Entries shown:
---+---
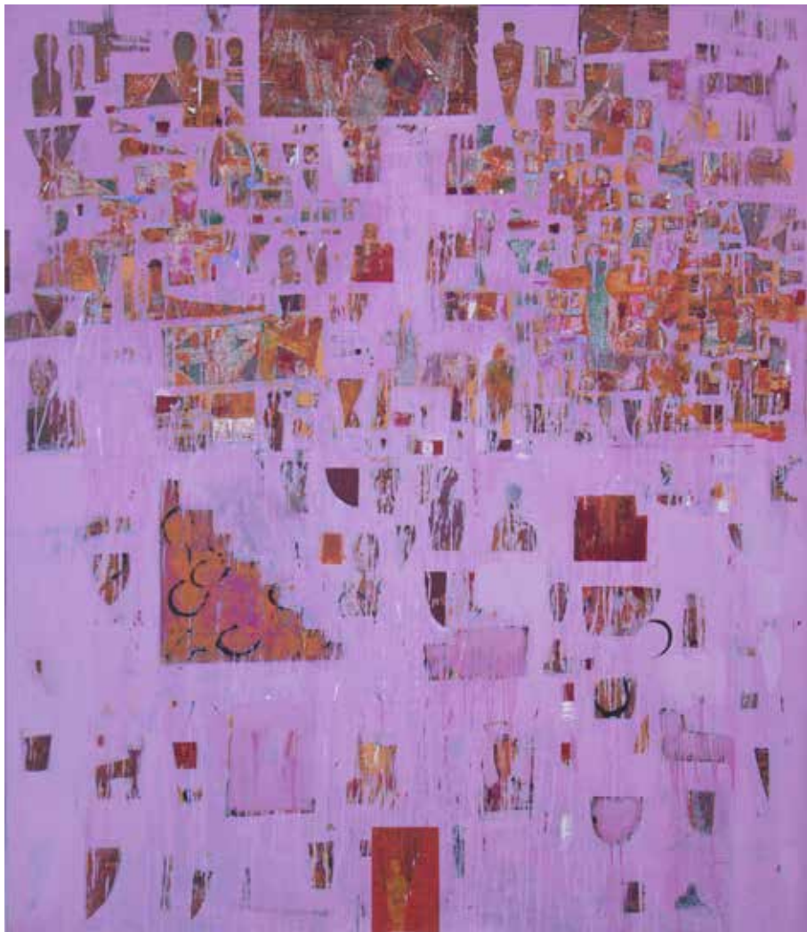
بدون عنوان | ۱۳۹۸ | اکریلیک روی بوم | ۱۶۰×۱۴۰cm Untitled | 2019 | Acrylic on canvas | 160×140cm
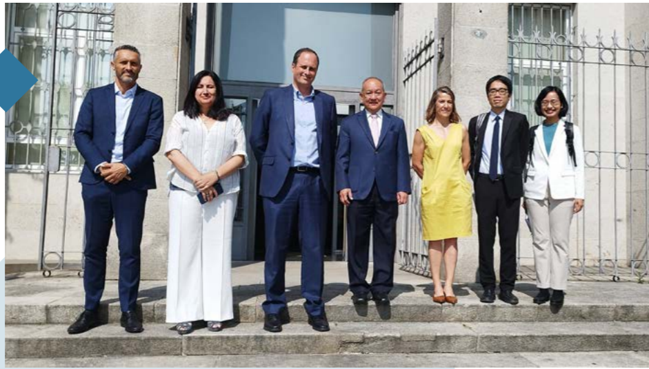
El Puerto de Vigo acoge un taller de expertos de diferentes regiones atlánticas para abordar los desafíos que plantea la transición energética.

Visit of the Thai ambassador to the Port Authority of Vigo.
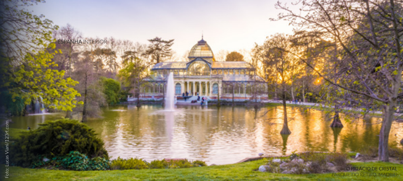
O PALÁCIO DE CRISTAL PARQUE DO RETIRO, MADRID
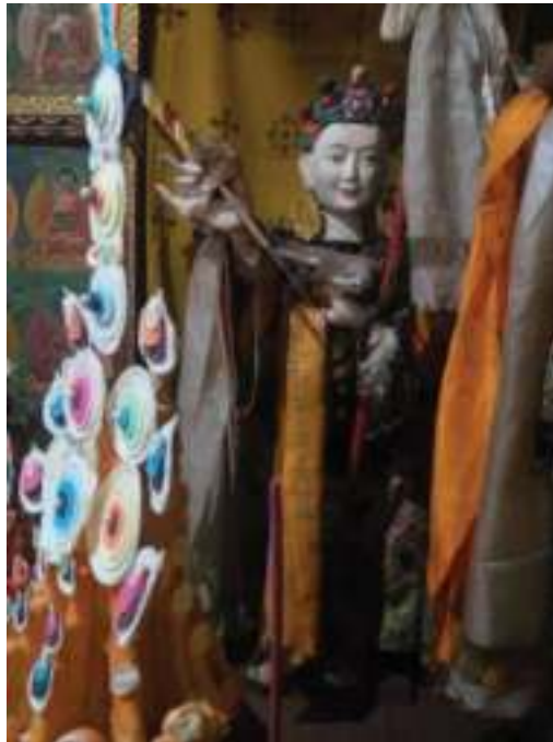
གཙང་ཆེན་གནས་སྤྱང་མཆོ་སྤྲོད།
---+---
Problem requirements: Set down all the entries exactly as they appear, but skip any pictures.

Reply:
بدون عنوان | ۱۳۹۸ | اکریلیک روی بوم | ۱۶۰×۱۴۰cm Untitled | 2019 | Acrylic on canvas | 160×140cm
El Puerto de Vigo acoge un taller de expertos de diferentes regiones atlánticas para abordar los desafíos que plantea la transición energética.

Visit of the Thai ambassador to the Port Authority of Vigo.
O PALÁCIO DE CRISTAL PARQUE DO RETIRO, MADRID
གཙང་ཆེན་གནས་སྤྱང་མཆོ་སྤྲོད།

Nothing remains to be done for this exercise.